RUT950 has partial traffic flow failure regularly

We’ve noticed an issue with a couple of our sites where we’ve deployed a RUT950. Originally we were still running the v6 firmware series, but we’ve since moved it to v7 but the problem hasn’t gone away (although the behaviour is slightly different).

The basic issue is:

After a period of time (could be hours or days, but usually ‘a few hours’) - but not every single day[1], the router will stop routing some traffic, but not all, and the behaviour of the admin interface (web UI) changes or stops working.

We route all traffic via a L2TP VPN, and thus normally what we do is via that tunnel, connect to the router WebUI if we want to look at it - this works fine normally (and works fine at our other sites). I’ve plenty of sites where we’ve never seen an issue and the router can work for months just happily.

On v6 what we’ve seen at a couple of sites is that after the varying time, the ability to connect to the web interface goes - eg we can’t get to the WebUI at all - you can’t get to the login screen whatsoever. At the same time, we notice that VOIP phones can no longer make calls. However, general internet access works to a PC connected to the network, and the VOIP phones are still registered - and can receive calls.

On v7, a similar experience happens, although the web UI login screen DOES appear, but it tells you ‘The device is unreachable. Please check the connection and try again’ on the /login page - some of the time - the rest o the time it just fails entirely, like v6.

[1] To try and combat this, we told the kit to reboot overnight every night, this hasn’t solved the issue as it will still happen but the number of days this is an issue has reduced a little.

The only thing we can do is reboot the router when this happens and as soon as we do, everything works just fine again.

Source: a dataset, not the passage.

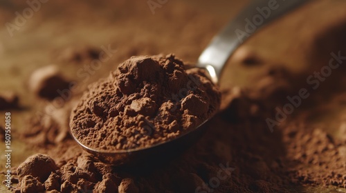 Measuring Spoon Filled with Chocolate Protein Powder
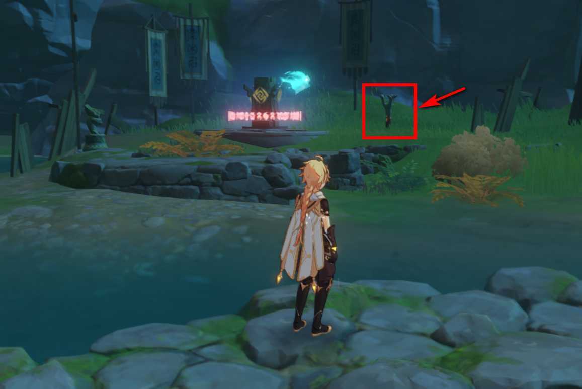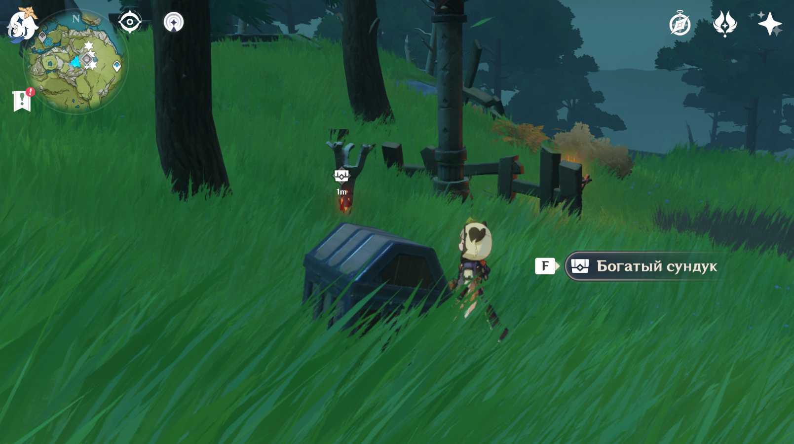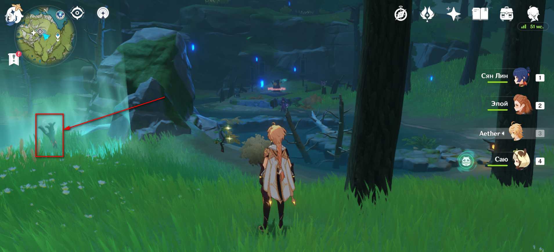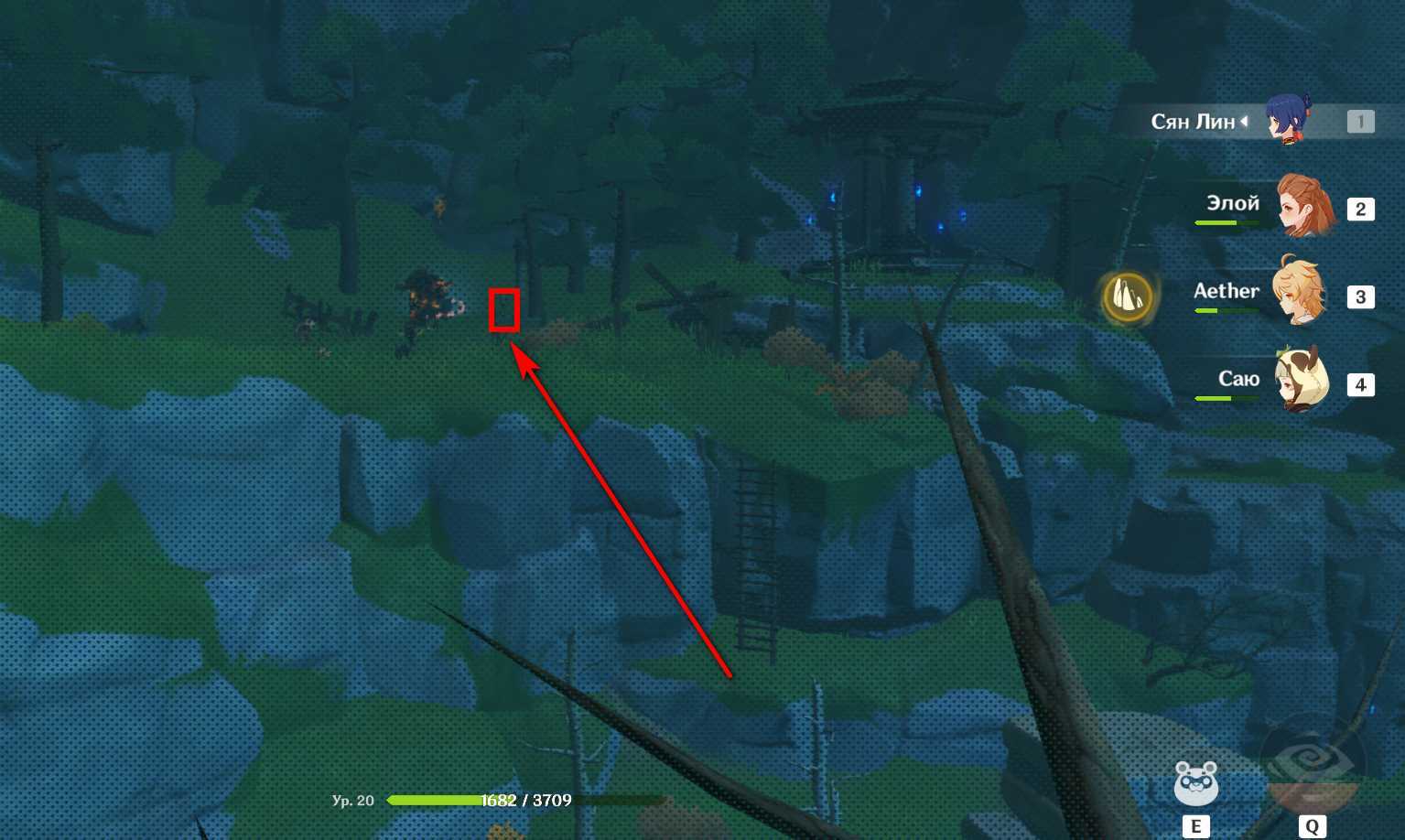 Рядом с ним вас ждет группа хиличурлов. Будьте осторожны с шаманом, сделайте острые кусты, которые легко убить. Вы можете просто уворачиваться от митахурла, пока вся эта мелочь не погибнет. Затем снимаем ящик, включаем фонарик, прыгаем к самой близкой геокуле и идем решать следующую часть головоломки.

That makes troubleshooting further a bit awkward of course, as rebooting it means I can’t see what the router is doing, but I can’t login to it anyhow.

Has anyone experienced his bizarre behaviour at all or know any way to make it stop acting like this? I can’t replicate this readily - so it’s not obvious which thing is triggering this, but it does happen several times a week at a couple of sites, but not anywhere else ever, and they’re all pretty similar installations.

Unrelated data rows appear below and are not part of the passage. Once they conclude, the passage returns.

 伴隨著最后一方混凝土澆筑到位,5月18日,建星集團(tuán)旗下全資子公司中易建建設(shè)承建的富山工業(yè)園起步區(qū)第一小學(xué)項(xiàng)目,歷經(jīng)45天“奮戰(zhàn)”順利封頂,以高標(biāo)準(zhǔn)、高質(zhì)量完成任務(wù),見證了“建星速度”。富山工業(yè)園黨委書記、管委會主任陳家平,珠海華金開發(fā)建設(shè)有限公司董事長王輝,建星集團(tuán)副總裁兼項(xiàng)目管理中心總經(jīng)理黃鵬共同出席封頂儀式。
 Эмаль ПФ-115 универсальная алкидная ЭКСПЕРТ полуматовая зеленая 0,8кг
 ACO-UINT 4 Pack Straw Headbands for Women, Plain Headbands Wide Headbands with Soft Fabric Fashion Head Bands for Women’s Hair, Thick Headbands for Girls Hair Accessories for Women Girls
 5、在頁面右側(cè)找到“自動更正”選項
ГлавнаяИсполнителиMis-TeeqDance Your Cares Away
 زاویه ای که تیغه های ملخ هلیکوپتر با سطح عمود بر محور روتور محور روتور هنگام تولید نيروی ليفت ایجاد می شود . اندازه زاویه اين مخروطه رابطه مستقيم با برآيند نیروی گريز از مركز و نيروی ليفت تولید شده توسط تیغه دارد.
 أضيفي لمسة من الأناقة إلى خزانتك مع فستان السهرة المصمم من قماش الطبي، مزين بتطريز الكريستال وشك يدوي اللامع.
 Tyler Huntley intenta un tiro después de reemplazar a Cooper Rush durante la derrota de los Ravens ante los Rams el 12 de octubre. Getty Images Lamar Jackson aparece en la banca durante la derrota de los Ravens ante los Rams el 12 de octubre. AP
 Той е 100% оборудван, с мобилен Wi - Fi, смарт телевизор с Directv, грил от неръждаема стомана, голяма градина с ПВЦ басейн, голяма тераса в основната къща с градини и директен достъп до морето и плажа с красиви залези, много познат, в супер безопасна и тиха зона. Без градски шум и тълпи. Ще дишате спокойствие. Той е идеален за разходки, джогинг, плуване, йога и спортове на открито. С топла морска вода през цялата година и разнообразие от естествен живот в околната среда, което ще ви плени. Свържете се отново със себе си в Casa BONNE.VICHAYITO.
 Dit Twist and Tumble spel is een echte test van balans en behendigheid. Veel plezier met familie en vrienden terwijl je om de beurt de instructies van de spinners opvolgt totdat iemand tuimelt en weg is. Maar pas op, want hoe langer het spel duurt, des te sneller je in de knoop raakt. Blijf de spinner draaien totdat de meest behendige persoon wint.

Incidentally, I can still SMS the router to ask for the status, and there is still internet access - as I say, the PCs can still use the internet, and the phones can still receive calls, The L2TP tunnel is still up - and I can still ping the Router Lan IP over that tunnel just fine - so it doesn’t seem like it’s just connectivity failing, as nothing suggests that happens at all - it’s that ‘some’ traffic stop flowing, including the Web UI…

Any ideas folks?